_INFORMATION SHOWN_.
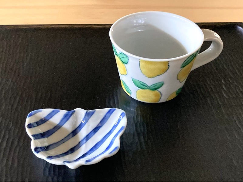 カップは村田菜穂美さんによるToéオリジナルのレモン柄。シックなカラーが多い今回のうつわラインナップの中、この明るいレモン柄が全体コーディネートのなかで抜け感を出してくれます。店頭でもお子様向けギフトというより、大人の方がご自宅用でお求めになられているケースが多く、年齢問わず使え明るい気持ちにしてくれるアイテムのひとつです。
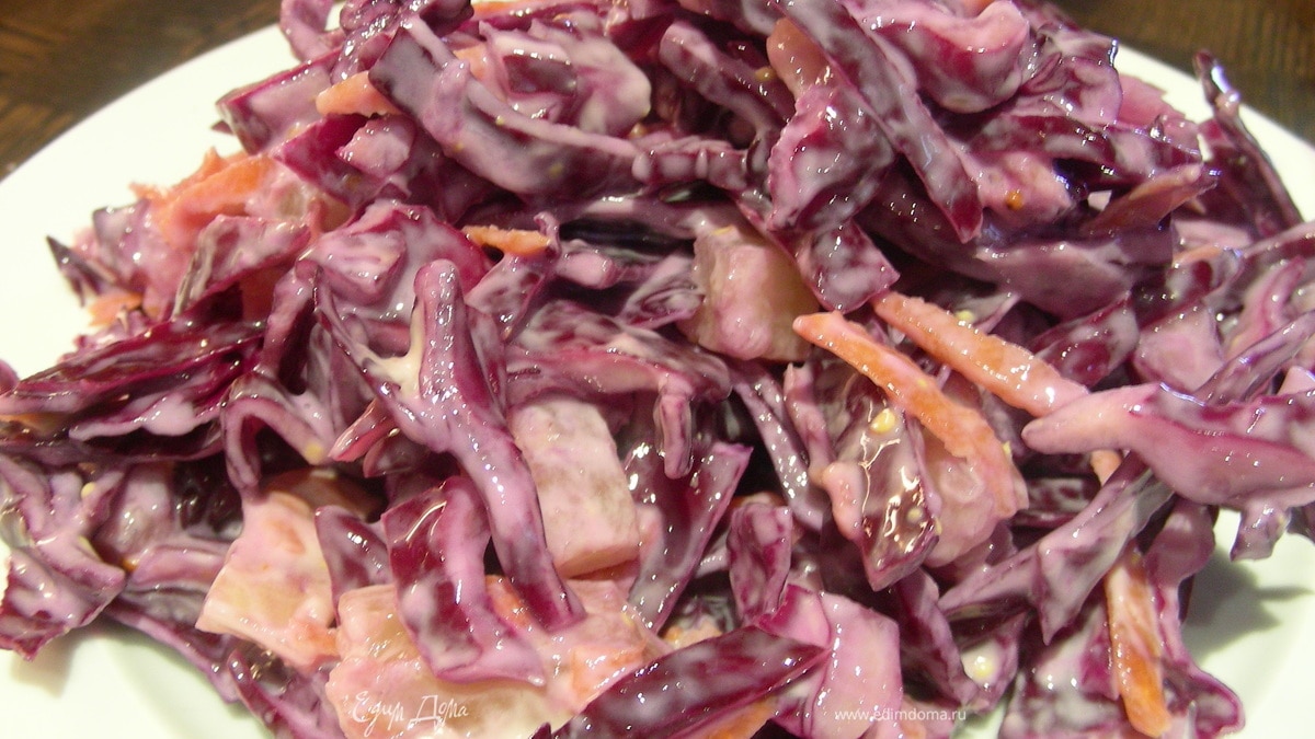 Салат Коулслоу (coleslaw) с краcнокочанной капустой и ананасами
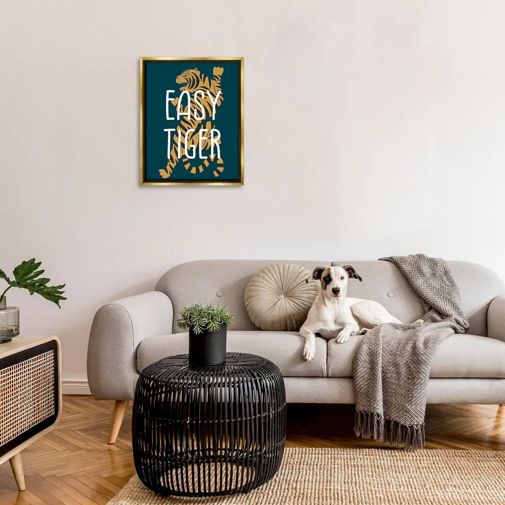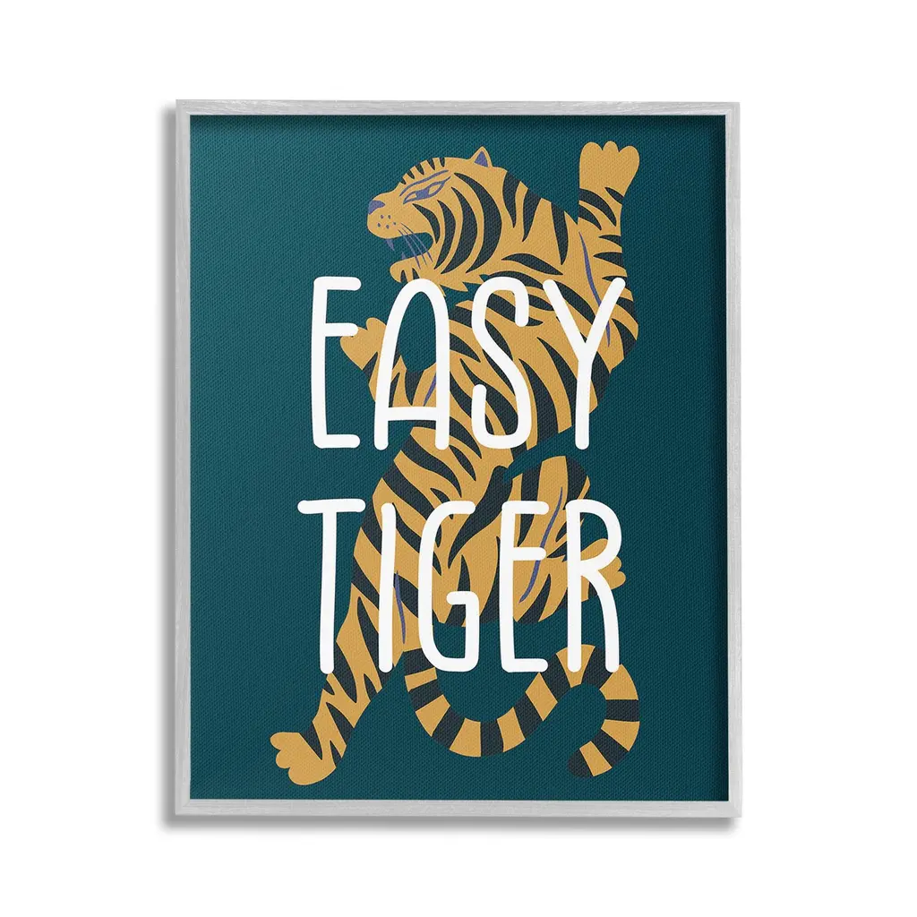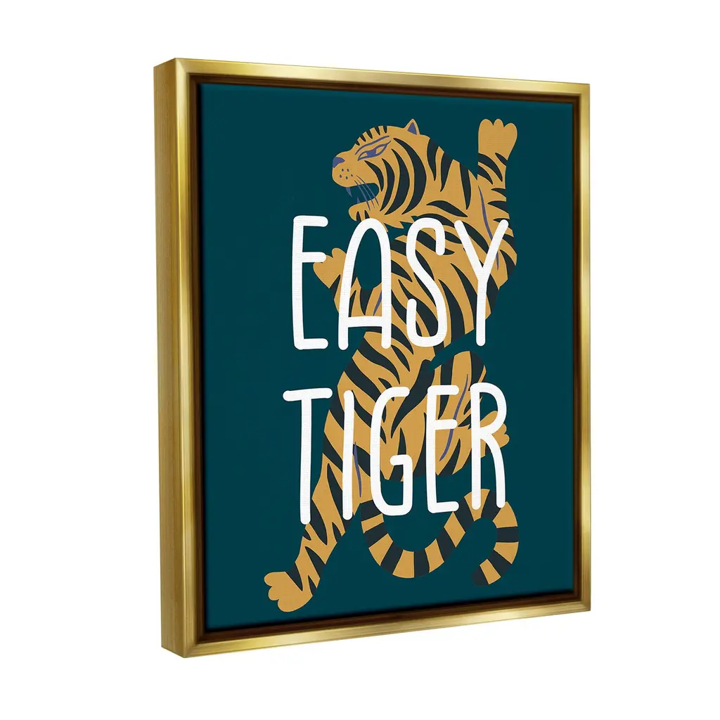 Elevate your home or office to the next level with Stupell Framed Floating Canvas Wall Art. Our premium hand-stretched canvas is mounted securely into a sturdy lightweight frame. The museum-style gap between the wrapped canvas and the box frame gives the illusion of floating artwork. Stupell Wall Art is made in the USA.Features: Dimensions: 17 x 1.7 x 21 Frame, 16 x 1.5 x 20 Canvas ArtFloating Frame Canvas Products are available in sizes 17"x21" and 25"x31". All Floating Frame Canvas Products have a 1.7" Depth.Wall Art is Ready to Hang with Hardware Free Hanging. No Installation required. For Easy Set Up Lean or Layer Artwork on Shelf or Against Wall. Artwork is Permently Fixed into the Frame.Our elevated 1.7" Thick Floating Frame is the perfect complement to our canvas style Wall Art. We use only the highest quality inks in house with industry leading printing solutions. Canvas is hand stretched over a durable wood foundation and then mounted securly into a Modern Box Frame. Made in the USA.Artwork Relates To: Animal, Wildlife, Mammal, Phrase, Jungle, Tiger, Easy TigerDesign by Lil' Rue

_TASK BRIEF_.
Nothing but the lines from the beginning of the material above through the line containing "Салат Коулслоу (coleslaw)" should appear in the answer, copied exactly and free of pictures.

_OUTPUT OF THE EXERCISE_.
 カップは村田菜穂美さんによるToéオリジナルのレモン柄。シックなカラーが多い今回のうつわラインナップの中、この明るいレモン柄が全体コーディネートのなかで抜け感を出してくれます。店頭でもお子様向けギフトというより、大人の方がご自宅用でお求めになられているケースが多く、年齢問わず使え明るい気持ちにしてくれるアイテムのひとつです。
 Салат Коулслоу (coleslaw) с краcнокочанной капустой и ананасами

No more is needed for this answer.